Why need the finiteness of $\mu(A)$ and $\mu(B)$ to define measurable rectangle $A\times B$ in Royden?

Question

In this errata of Real Analysis by Royden and PM Fitzpatrick, it corrects the definition of measurable rectangles to be

$A\times B$ if $A\in\mathcal{A}, B\in\mathcal{B}$, and $\mu(A)$ and $\mu(B)$ are finite

at the right beginning of chapter 20. This correction makes this measurable rectangle definition different from others which usually don't require the finiteness of $\mu(A)$ and $\mu(B)$. The problem is I don't see the reason why we need this finiteness in its following argument and proof of Fubini theorem.

Update on 20th, Feb, 2017

I guess the reason why the book defines measurable rectangle this way is to avoid $0\cdot\infty$ when defining outer measure by those rectangles.

Answer 1

It's not a big limitation. You will construct product measure on sigma finite spaces, so every measurable rectangle can be replaced by countable many with finite measure

Answer 2

This correction is surprising because the concept of measurable rectangle is independent of any measure.

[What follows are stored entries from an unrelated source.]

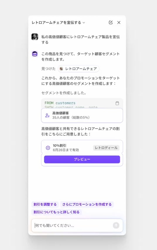 最新のAI技術によって開発されたSidekickは、事業者にとって信頼できる「仮想の共同創業者」のような存在として機能します。Shopifyのプラットフォームに関する深い知識と、各事業者のストアデータを組み合わせることで、自然な対話を通じて、各事業者の状況に即した具体的な提案やアドバイスを提供します。事業者は、ビジネスデータの即時分析やSEOを意識した商品説明の改善、日常業務の自動化、そしてより的確な意思決定まで、日々の業務フローの中でスムーズに実行することが可能です。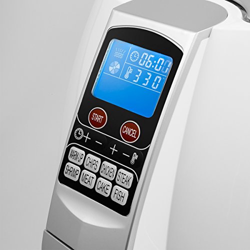 Features 8 built-in programs including frying chips, meat, chicken, steak, shrimp, fish, warm-up and manual use; Features digital LCD display and control panel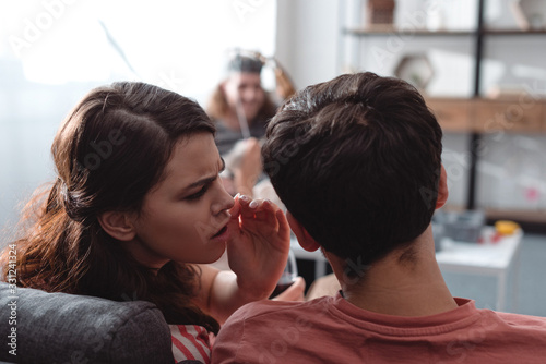 leisure, activity, fun, entertainment, beautiful, girl, caucasian, friendship, european, man, emotion, home, woman, talk, emotional, together, togetherness, friends, indoor, attractive, whisper, gossip, guy, selective focus, young adult, backview, three people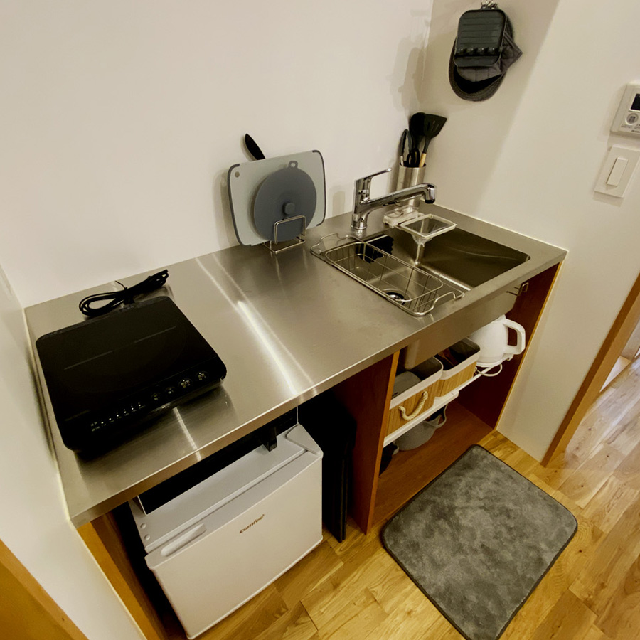 The kitchen on the second floor is equipped with the minimum facilities needed for cooking, such as an induction cooking heater, refrigerator, and microwave.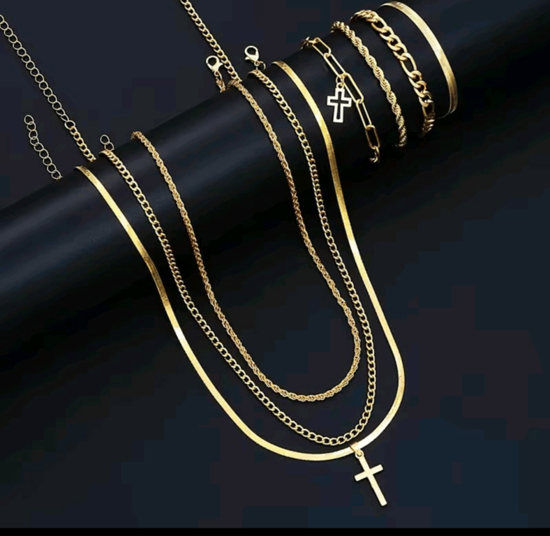 7 X GOLD STAINLESS STEEL UNISEX NECKLACES AND BRACELETS SET Condition: Good - Refer Images 0162946+40FC
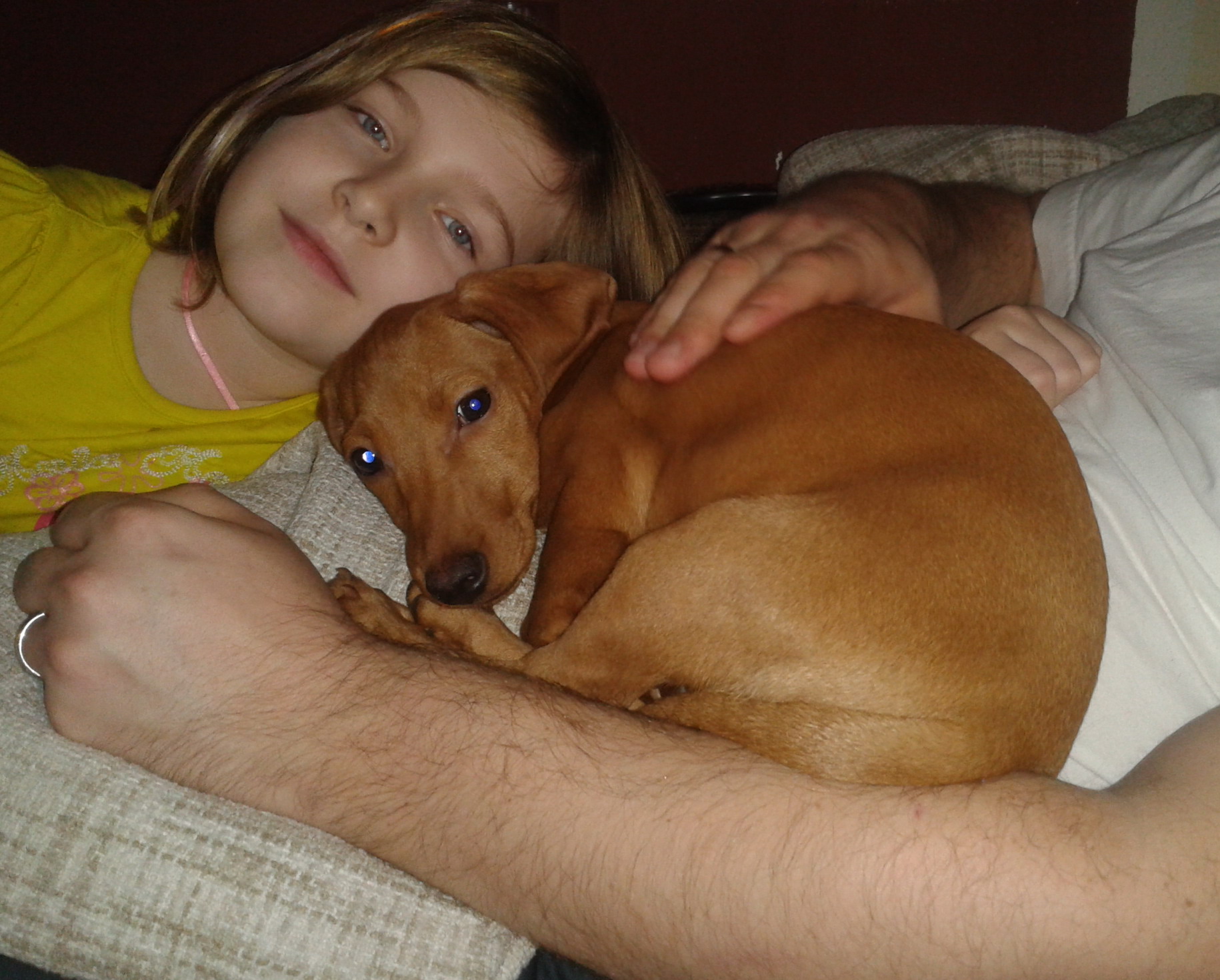 danke für das Foto! Luna hat sich sehr gut eingewöhnt, wir hatten am Anfang etwas Probleme mit einer kleinen Erkältung die durch das Wetter zur Zeit etwas hartnäckig war. Tja was soll ich sagen: sie ist sehr liebesbedürftig (eine kleine Kuschelmaus), sehr verspielt und hat  bereits ihren Platz auf der Coach für sich beansprucht. Sie ist sehr wissbegierig, sehr aufgeweckt und lernt total schnell! Unsere Spaziergänge werden auch  schon immer länger, wenn es das Wetter zulässt, da ihr sehr schnell kalt wird. Sie dürfte mehr von der Mama mitbekommen haben, da sie bereits Größer als ein Dackel ist und sie liebt es zu springen und herumzutollen. Momentan liegt sie auf meinem Schoss und versucht zu schlafen (ist nicht mehr so leicht, da der Platz schon etwas klein wird...).
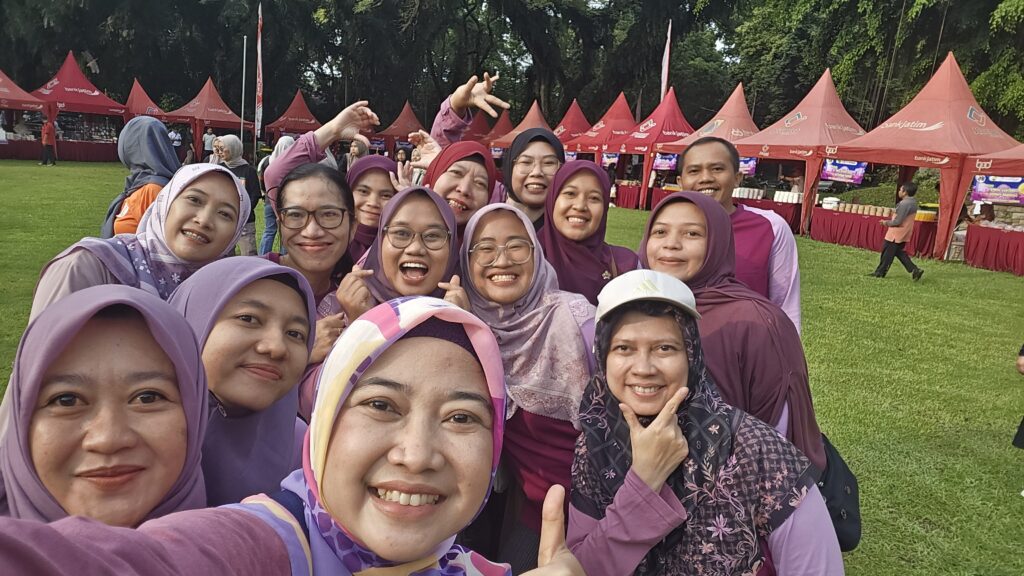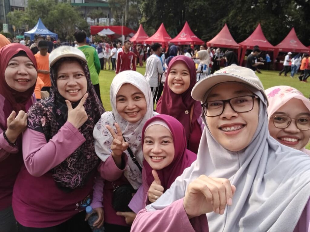 Rombongan FKM tampak antusias mengikuti seluruh rangkaian acara. Dosen dan tenaga kependidikan (tendik) FKM berbaur bersama peserta dari fakultas dan unit lain.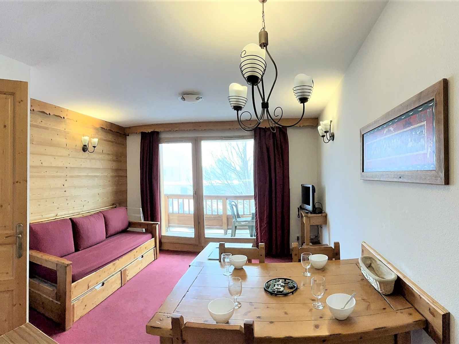 appartement cosy plein sud avec balcon, à 150m du centre de la station et 500m des pistes.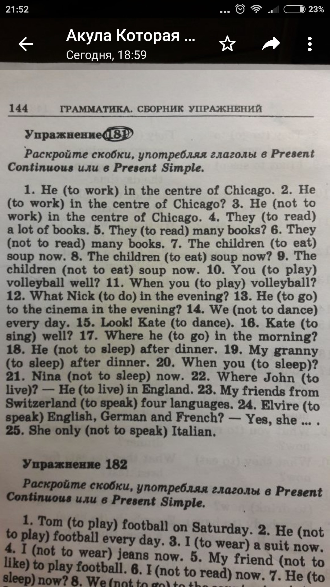 18) doesn't sleep 19) sleeps 20)When do you sleep? 21) is sleeping 22) Where is Jon leaving ? - is leaving 23) speaks 24) Does Elvire speak......? - does 25) She doesn't speak only Italian.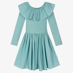 Simple and understated, this dark green dress for teen girls is designed by Danish brand Molo. Made in soft organic cotton, the ribbed bodice is decorated with a feminine poplin ruffle. The brand's monochrome logo can be found on the side seam for a discreet designer detail.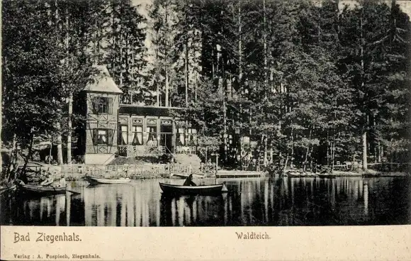 Ak Głuchołazy Zdrój Bad Ziegenhals Schlesien, Hotel am Waldteich

Halmos, for example, introduces this terminology the following way:

We shall frequently use the concept of measurable rectangle. Two equally obvious and natural definitions of this phrase suggest themselves. According to one, a rectangle in the Cartesian product of two measurable spaces $(X,\mathbb S)$ and $(Y,\mathbb T)$ is measurable if it belongs to $\mathbb S \times \mathbb T$, and, according to the other , $A\times B$ is measurable if $A\in\mathbb S$ and $B\in\mathbb T$. [...] for the time being we adopt the second of our proposed definitios.

(Halmos, Measure Theory, Van Nostrand, 7$^{th}$ edition, p. 140.)